Exactly as they appear, retype the lines from the one containing "ガンダム公式カフェ「GUNDAM Café」ダイバーシティ東京 プラザ店では" through the final line of the data below. Leave pictures out.

*Given material*
——————————
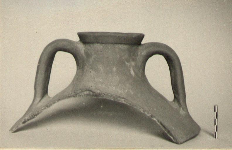 | Description: | Neck, handles, and part of shoulder, in one piece but cracked. Shape resembles P 21982, but rim distinctly offset. Micaceous russet clay with large gray core. ADDENDA P 21981: Rim inset from top of neck (effect of groove). Broad handle swinging out to lower attachments, on which small finger impressions. Body spreads from short neck. | |
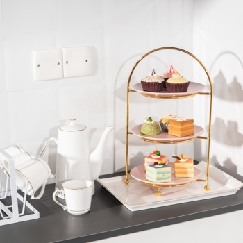 3 שכבות עוגת Stand, תה מסיבת להגשת מגש, קינוח ו Cupcake Stand, מתכת שכבות עמדה המשרתת עם שלושה פרימיום צלחות
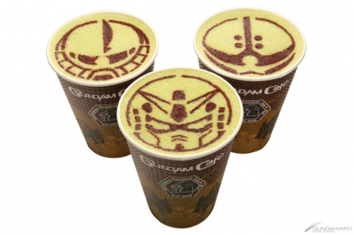 ガンダム公式カフェ「GUNDAM Café」ダイバーシティ東京 プラザ店では 「ガンプラ焼DX~抹茶あんみつ風~」に加え、「抹茶ラテ」も販売されることが決定。ラテはホットとアイスの2種が用意され、ホットには劇中に登場するMSが描かれる。
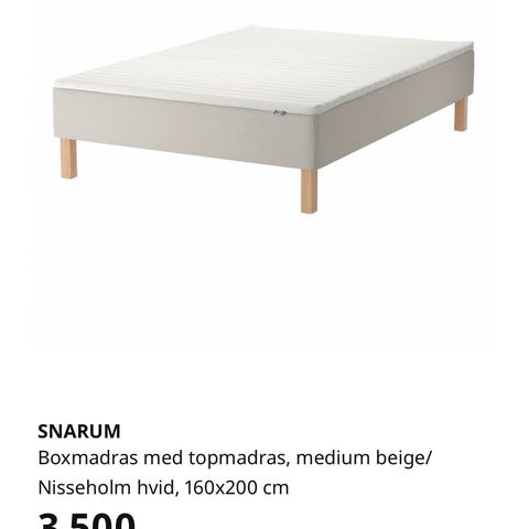 IKEA Snarum boxmadras med målene 160x200 cm. Madrasen har en fast opbygning og er designet til at passe til standard dobbeltsenge. Farven er grå. Sengen har stået i et hjem i tre dage, så købte jeg den men fandt den for stor sælges den nu videre.
——————————
*Exercise response*
 ガンダム公式カフェ「GUNDAM Café」ダイバーシティ東京 プラザ店では 「ガンプラ焼DX~抹茶あんみつ風~」に加え、「抹茶ラテ」も販売されることが決定。ラテはホットとアイスの2種が用意され、ホットには劇中に登場するMSが描かれる。
 IKEA Snarum boxmadras med målene 160x200 cm. Madrasen har en fast opbygning og er designet til at passe til standard dobbeltsenge. Farven er grå. Sengen har stået i et hjem i tre dage, så købte jeg den men fandt den for stor sælges den nu videre.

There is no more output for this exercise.